Buyer Guide: ML Training & Industrial Licensing
This guide explains how Applesauce prices its Derived Audio Data SKU for Machine Learning, AI training, and industrial applications. We use a programmatic, utility-based model to ensure transparency and legal safety for enterprise buyers.
Sensitive Inference Policy
All datasets adhere to our Sensitive Inference Governance policy (see Appendix A).

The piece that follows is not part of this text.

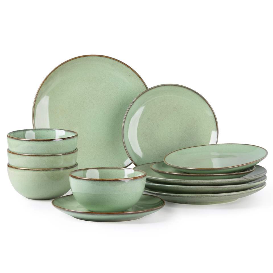 Vajilla de Cerámica Fina Europea EKA Factory, Juego de 12, 16, 18 Piezas, Plato de Gres con Esmalte Reactivo, Vajilla, Juegos de Vajilla

Labels for protected attributes (e.g., emotion, demographics) are opt-in only, and use for surveillance or hiring eligibility is strictly prohibited.
Embeddings Usage: Embeddings are provided for modeling utility; buyers are prohibited from using them for identification, authentication, or re-identification of individuals.
The Price Foundation
Unlike standard licensing which relies on subjective artist weights, ML Training data is priced based on Industrial Utility and Scale Economics.
1. The 70/30 Transparency Split
Every dollar you spend is allocated through a fixed ratio:
- 70% to the Human Pool: This goes directly to the creators whose data is included in your bundle.
- 30% to Applesauce: This covers the cost of identity verification (KYC), secure data extraction, high-fidelity hosting, and legal chain-of-custody management.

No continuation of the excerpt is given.